Data below:
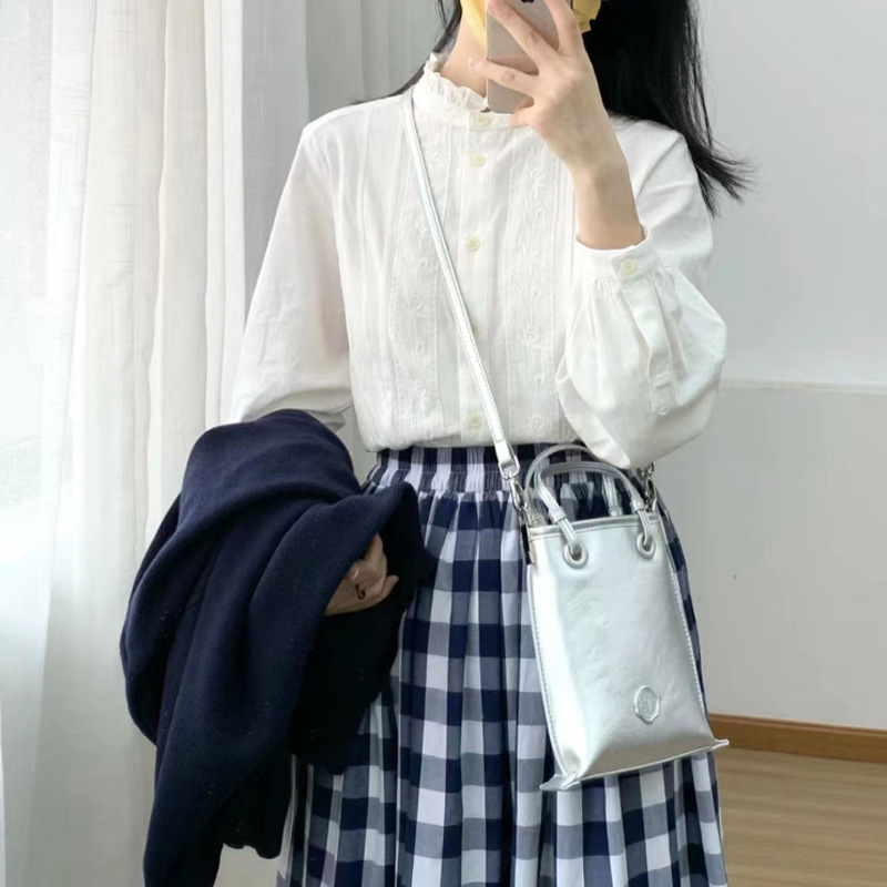 Color: shirt, navy blue cardigan (free size), blue and white tartan skirt
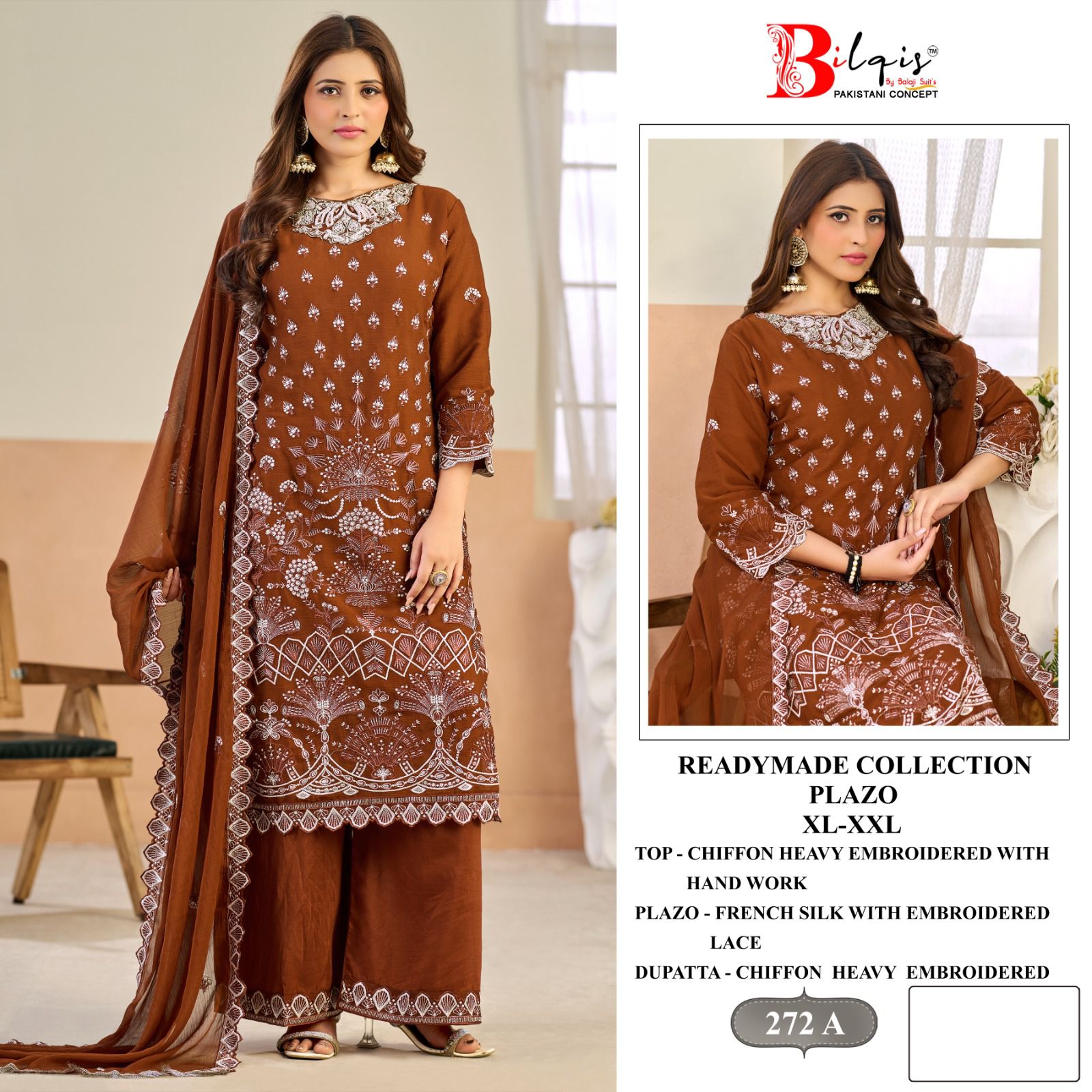 *BRAND – BILQIS*™️ *READYMADE COLLLECTION* *D NO -* B-272 A TO D *TOP -* CHIFFON HEAVY EMBROIDERED WITH HANDWORK *SIZE -* XL,XXL *RATE -* 1749₹ *DELIVERY : READY TO SHIP* |
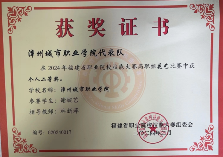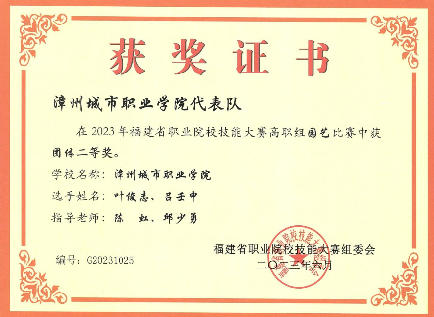 漳州城市职业学院生态景观学院现设有园艺技术、园林技术、花卉生产与花艺3个专业,其中园艺技术专业为中央财政支持专业建设项目,是福建省高素质农民专科学历教育和退役军人培训基地,教学成果项目《服务区域经济,创新园艺人才培养模式与实践》获得福建省教学成果二等奖。园林技术专业教学成果项目《高职园林三进三拓一融合人才培养模式创新与实践》和高素质农民专科学历教育教学成果项目《面向服务区域乡村振兴的高素质农民培养体系的构建与实践》均荣获漳州市教学成果一等奖。2024年12月21日,学院与福建农林大学、海峡生物科技股份有限公司牵头组建海峡两岸花卉行业产教融合共同体,助力两岸花卉产业交流合作。

How to complete this task: The pictures are to be omitted, and the rest of the listing is to be transcribed exactly.

Task output:
 Color: shirt, navy blue cardigan (free size), blue and white tartan skirt
 *BRAND – BILQIS*™️ *READYMADE COLLLECTION* *D NO -* B-272 A TO D *TOP -* CHIFFON HEAVY EMBROIDERED WITH HANDWORK *SIZE -* XL,XXL *RATE -* 1749₹ *DELIVERY : READY TO SHIP* |
 漳州城市职业学院生态景观学院现设有园艺技术、园林技术、花卉生产与花艺3个专业,其中园艺技术专业为中央财政支持专业建设项目,是福建省高素质农民专科学历教育和退役军人培训基地,教学成果项目《服务区域经济,创新园艺人才培养模式与实践》获得福建省教学成果二等奖。园林技术专业教学成果项目《高职园林三进三拓一融合人才培养模式创新与实践》和高素质农民专科学历教育教学成果项目《面向服务区域乡村振兴的高素质农民培养体系的构建与实践》均荣获漳州市教学成果一等奖。2024年12月21日,学院与福建农林大学、海峡生物科技股份有限公司牵头组建海峡两岸花卉行业产教融合共同体,助力两岸花卉产业交流合作。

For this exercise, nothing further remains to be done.